Todo había terminado. Estábamos casados. Antonio tomó el extremo de mi velo y trató de levantarlo.
- ¿Puedo ver el rostro de mi esposa? -preguntó.
Pero yo se lo impedí.
- No. Hasta dentro de mucho rato.
También era una costumbre griega.
Regresamos a los carros, pero la vuelta fue mucho más lenta que la ida. Una procesión de antorchas nos precedía en medio de las crecientes sombras del crepúsculo entonando himnos nupciales. Antonio, todavía silencioso, tomó mi mano -la que llevaba el anillo- y la sostuvo en la suya. El collar de oro me pesaba alrededor del cuello.
En el palacio nos esperaba el festín de la boda: montañas de manjares, preparados a toda prisa pero no por ello menos suculentos. Hubo jabalí asado, lubina ahumada, ostras, anguilas y langostas, pez salado de Bizancio, dátiles de Jericó, melones, pasteles chorreando miel del Himeto y ríos de vino de Laodicea.

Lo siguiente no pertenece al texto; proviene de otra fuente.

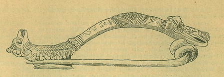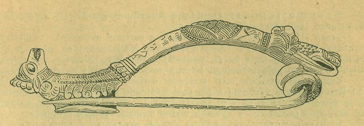 (jaká, nedozvěděl jsem se), pak narovnáno kamení a pod kamením opět hlína, ve kteréž nalezena sponka, kosti a lebky; jaké však, není známo. Tolik mi sděleno. Patrně byla tu kostra, nad kterouž nasypána mohyla. Sponka ta bohatě ornamentována, s ozdobou na oblouku v podobě síťoví, jakéž hojně se vyskytuje u sponek typu německého, mezi kteréž i lze tuto čítati. Stáří její možno, dokud více okolností není známo, odhadovati do poloviny I. tisíciletí po Kr.

Me reuní con los oficiales que tan destacado papel iban a desempeñar en la inminente campaña: Marco Ticio, moreno, delgado y con pinta de sátiro, y Enobarbo, medio calvo pero con una poblada barba, unos penetrantes ojos y (según me habían dicho) una lengua más afilada que una navaja. Aquella noche la contuvo y sólo la usó para darme la enhorabuena. Estaba también Munacio Planco, un hombre muy fornido y con una mata de liso cabello castaño claro, y otra vez Canidio Craso, que no sólo tenía alargado el rostro sino también el cuerpo pues era altísimo y destacaba por encima de todos los demás. Sus ojos miraban con expresión melancólica, pero más tarde Antonio me dijo que él siempre era así. Se mostró muy cortés conmigo y no percibí la menor hostilidad en su actitud.